Azure Functions is the native serverless, event-driven compute service offered by the Microsoft Azure cloud computing platform, enabling applications and backend services to be run without provisioning or managing any servers. This page provides instructions on how to provision Azure Function apps and then deploy the OntoPop event-driven data pipeline Spring Boot applications to them.

For further information regarding Azure Functions, please visit https://azure.microsoft.com/en-gb/services/functions.

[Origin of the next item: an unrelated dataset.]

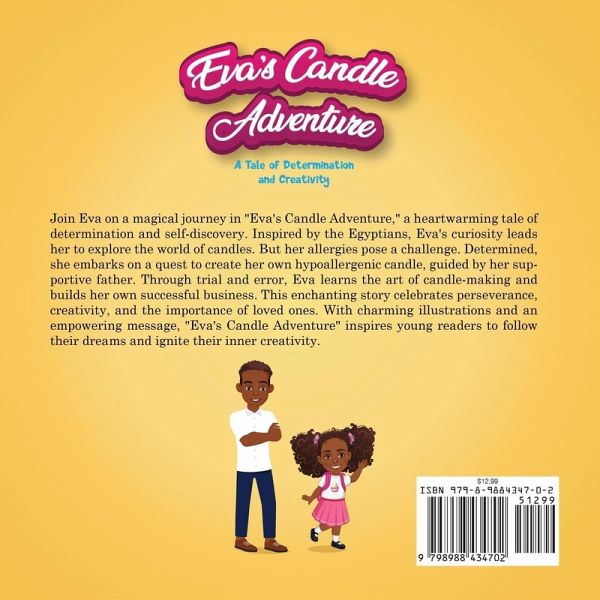 Inspire young readers to pursue their passions and light their inner flame of creativity "Eva's Candle Adventure" is a touching story about a young girl name Eva who is fascinated by the idea of using candles for light, inspired by the ancient Egyptians. Despite her allergies, Eva embarks on a journey to find the perfect candle and, when she can't, instead of giving up she decides to make her own. With the support of her loving father, Eva learns the art of candle making and creates her own successful business, Bella Oshun Candles. This captivating story celebrates determination, creativity, and the power of following one's passion. Join Eva on her journey as she discovers that sometimes the most rewarding path is the one, we create ourselves. "Eva's Candles Adventure" will inspire young readers to pursue their passions and light their inner flame of creativity.

It is recommended that you configure and integrate the steps described in this page into a CI/CD pipeline in order to automate the build, testing and deployment stages.

Data Pipeline

OntoPop provides Azure Function Spring Boot application deployments that wrap around each of the event-driven microservices described in the logical system architecture. These Azure Function applications are provided out-of-the-box to enable quick and easy deployment to Azure Function apps. Assuming that you have followed the instructions detailed in Build from Source, the Azure Function Spring Boot applications for each of the event-driven microservices that make up the OntoPop data pipeline may be found in the $ONTOPOP_BASE/ontopop-apps/ontopop-apps-azure Maven module, which itself contains the following child modules pertinent to the data pipeline:

  1. ontopop-azure-function-app-subscriber-github-webhook - Node.js application that subscribes to GitHub webhooks and forwards the webhook headers and payload to the ontology ingestion service via either a HTTP POST request or by publishing a message to the shared messaging system (to which the ontology ingestion service is subscribed). Note that this is a Node.js application (i.e. not a Spring Boot application) as GitHub webhook requests timeout after 10 seconds after which the HTTP connection is destroyed and the webhook payload lost. Thus we can deploy this lightweight Node.js application that returns a promise (i.e. an immediate response back to GitHub) to avoid the longer cold start-up times incurred by Java-based applications.
  2. ontopop-azure-function-app-data-ontology-ingestor - Azure Function Spring Boot application deployment wrapper around the ontology ingestion service, invoked by the ontopop-azure-function-app-subscriber-github-webhook application by either a HTTP POST request or via the shared messaging system to which the ontopop-azure-function-app-data-ontology-ingestor application is subscribed.
  3. ontopop-azure-function-app-data-ontology-validator - Azure Function Spring Boot application deployment wrapper around the ontology validation service, invoked via its subscription to the shared messaging system.
  4. ontopop-azure-function-app-data-ontology-loader-triplestore - Azure Function Spring Boot application deployment wrapper around the ontology triplestore loading service, invoked via its subscription to the shared messaging system.
  5. ontopop-azure-function-app-data-ontology-parser - Azure Function Spring Boot application deployment wrapper around the ontology parsing service, invoked via its subscription to the shared messaging system.
  6. ontopop-azure-function-app-data-ontology-modeller-graph - Azure Function Spring Boot application deployment wrapper around the property graph modelling service, invoked via its subscription to the shared messaging system.
  7. ontopop-azure-function-app-data-ontology-loader-graph - Azure Function Spring Boot application deployment wrapper around the property graph loading service, invoked via its subscription to the shared messaging system.
  8. ontopop-azure-function-app-data-ontology-indexer-graph - Azure Function Spring Boot application deployment wrapper around the property graph indexing service, invoked via its subscription to the shared messaging system.

Setup

Build from Source

In order to compile and build the OntoPop event-driven data pipeline Azure Function Spring Boot applications in preparation for deployment to Azure Function apps, please follow the instructions detailed in Build from Source.

Azure CLI

We shall use the Azure Command Line Interface (CLI) to deploy the OntoPop Java artifacts (i.e. OntoPop's data pipeline Azure Function Spring Boot applications packaged as JAR files) that were created in the Build from Source stage above to Azure Function apps. To install the Azure CLI, please follow the instructions below:

The instructions below are for Ubuntu 20.04. Installation instructions for other Linux distributions and other operating systems such as Windows may be found at https://docs.microsoft.com/en-us/cli/azure.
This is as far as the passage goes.